Мало волновало меня в этот миг божье проклятие за ложь: ничего не поделаешь, каждый в чем-то грешен.
– Придется поверить. А те, которые оставались у тебя дома, ты все же успел прочесть, – произнес он, не спрашивая, но утверждая, и я понял, что сейчас глухое запирательство просто бессмысленно. Надо повести разговор похитрее.
– Не все, но кое-что. Я так понял, Серджио описывал историю разных пап и кардиналов? Александр VI и Цезарь Борджиа, Бенедикт IX, Иоанн XII, Юлий III, кардинал Ипполито д'Эсте…

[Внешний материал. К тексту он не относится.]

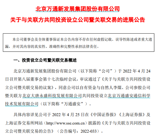 时隔一年多,万通发展与大唐永盛再度“牵手”。4月24日晚,万通发展公告称,其将与关联方共同投资设立公司万通盛安,注册资本为7000万元。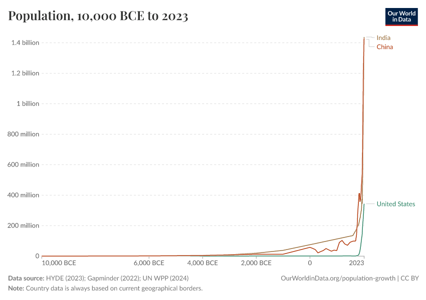 “Data Page: Population”, part of the following publication: Hannah Ritchie, Lucas Rodés-Guirao, Edouard Mathieu, Marcel Gerber, Esteban Ortiz-Ospina, Joe Hasell, and Max Roser (2023) - “Population Growth”. Data adapted from PBL Netherlands Environmental Assessment Agency, Gapminder, United Nations. Retrieved from https://owid-bot-svg-tester-thumbnai.owid.pages.dev/grapher/population [online resource]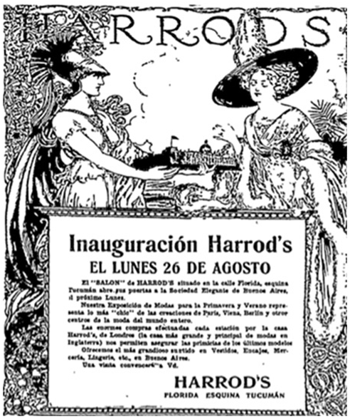 Tienda Harrods fue inaugurada en 1912, y entre 1913 y 1914 se culminó su construcción. En su discurso publicitario se apelaba al público femenino y la mujer era representada como una diosa griega con una maqueta a escala de la tienda, y a su lado una mujer aristocrática como antonomasia de su audiencia. En su enunciación se apelaba al consumo de las mujeres de clase alta, percibido como la actividad femenina por excelencia.

Надо быть осторожнее. Про Юлия III и кардинала д'Эсте я прочел только сегодня, о них шла речь в тех обрывках, которые разбросаны по столу. А что, если Джироламо начнет их просматривать и одно из этих имен попадется ему на глаза? Что, если он поймет, что я лгу? Он не может не знать: прямая угроза Антонелле – и я буду готов сделать все. Я не только открою ему правду, но и отдам дневник.
Что дневник? Бросил его в огонь – и нет ничего. Хуже другое. Джироламо поймет, что я солгал, что я все знаю, что я подозреваю в нем и его покровителе убийц несчастного юноши… Если они заставили замолчать Серджио, к которому отец Филиппо испытывал особенную привязанность, почему будут церемониться со мной? Ведь я для них северный варвар, чужак. Случись что со мной, некому будет даже искать мой труп. Сальваторе Андреич не в счет. Я не боюсь умереть, но, если погибну, у Антонеллы и в самом деле не останется никого на свете, кроме Теодолинды, а что может почтенная дама, кроме как проливать горькие слезы над злополучной судьбой своей воспитанницы?
К счастью, господь опять помог – придал моим словам и выражению лица особую убедительность. Бросив на меня еще один подозрительный взгляд, Джироламо кивнул:
– Хорошо, если так. Твое счастье, если так! А теперь пойди и брось этот мусор в огонь. Вон, очаг еще не погас.
Я ждал чего-то подобного, но все же запнулся. Теперь стало ясно, какая участь постигла те бумаги, которые он нашел у меня! Горстка пепла в камине – вот все, что мне осталось на память о погибшем друге…
Нет. Остались записи в моем дневнике. Осталась Антонелла! И ребенок Серджио. Ради них я должен делать все, что потребует от меня этот убийца с безумными глазами.